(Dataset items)
== == ==

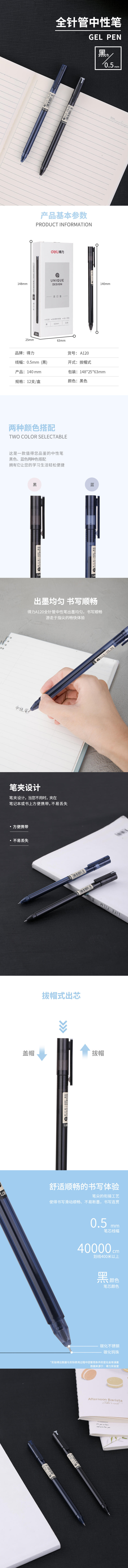 商品名称:得力A120办公中性笔0.5mm全针管黑色签字笔 12支/盒
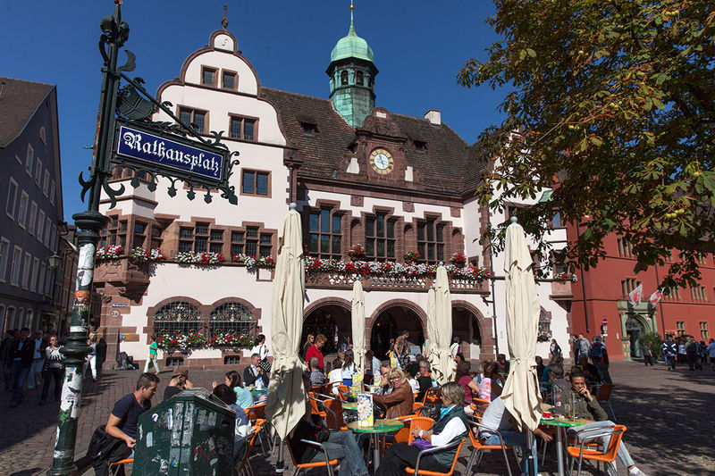 La plaça de l’Ajuntament és una de les més concorregudes de Friburg. Per aquí transiten els turistes, locals i els recent casats que surten de l’oficina del registre. Durant l’època nadalenca es posa encara més bonic gràcies al mercat de nadal que munten a la plaça.
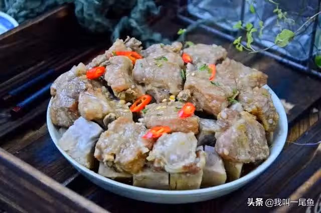 材料:排骨400克、芋頭300克、大蒜1個、辣椒1個、生薑2片、生抽2湯匙、蚝油1湯匙、玉米澱粉3克、鹽4克、料酒2湯匙、胡椒粉少許
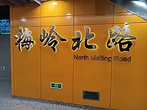 North Meiling Road (simplified Chinese: 梅岭北路; traditional Chinese: 梅嶺北路; pinyin: Méilǐng Běilù) is a metro station on the Line 15 of the Shanghai Metro. Located at the intersection of Daduhe Road and North Meiling Road in Putuo District, Shanghai, the station was scheduled to open with the rest of Line 15 by the end of 2020.[1] However, the station eventually opened on 23 January 2021 following a one-month postponement.[2] It is located in between Tongchuan Road station to the north and Daduhe Road station to the south.
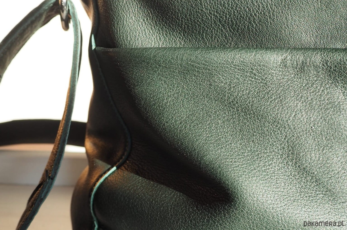 Skóra miękka , grubsza, mięsista. Torebka fajnie trzyma kształt.
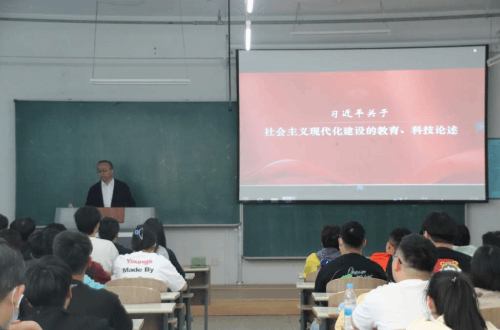 臧永军以“习近平关于社会主义现代化建设的教育、科技论述”为题,从“新时代科教兴国战略的重大意义、习近平关于教育强国的论述、习近平关于科技强国的论述、哈理工‘珩星’向党奋进新征程”四个方面进行了系统阐述。
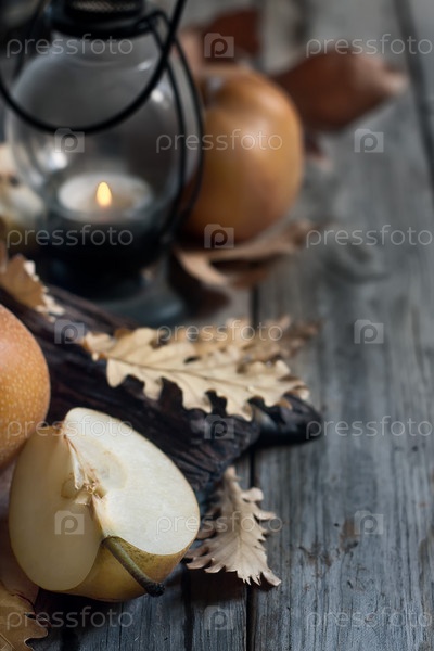 Азиатские груши, фонарь и осенние листья фон

== == ==

■ **WHAT NEEDS TO BE DONE**:
Write out, word for word, the lines from the first line of the entries through the one containing "材料:排骨400克、芋頭30", both included. Leave out the pictures.

■ **EXERCISE ANSWER**:
 商品名称:得力A120办公中性笔0.5mm全针管黑色签字笔 12支/盒
 La plaça de l’Ajuntament és una de les més concorregudes de Friburg. Per aquí transiten els turistes, locals i els recent casats que surten de l’oficina del registre. Durant l’època nadalenca es posa encara més bonic gràcies al mercat de nadal que munten a la plaça.
 材料:排骨400克、芋頭300克、大蒜1個、辣椒1個、生薑2片、生抽2湯匙、蚝油1湯匙、玉米澱粉3克、鹽4克、料酒2湯匙、胡椒粉少許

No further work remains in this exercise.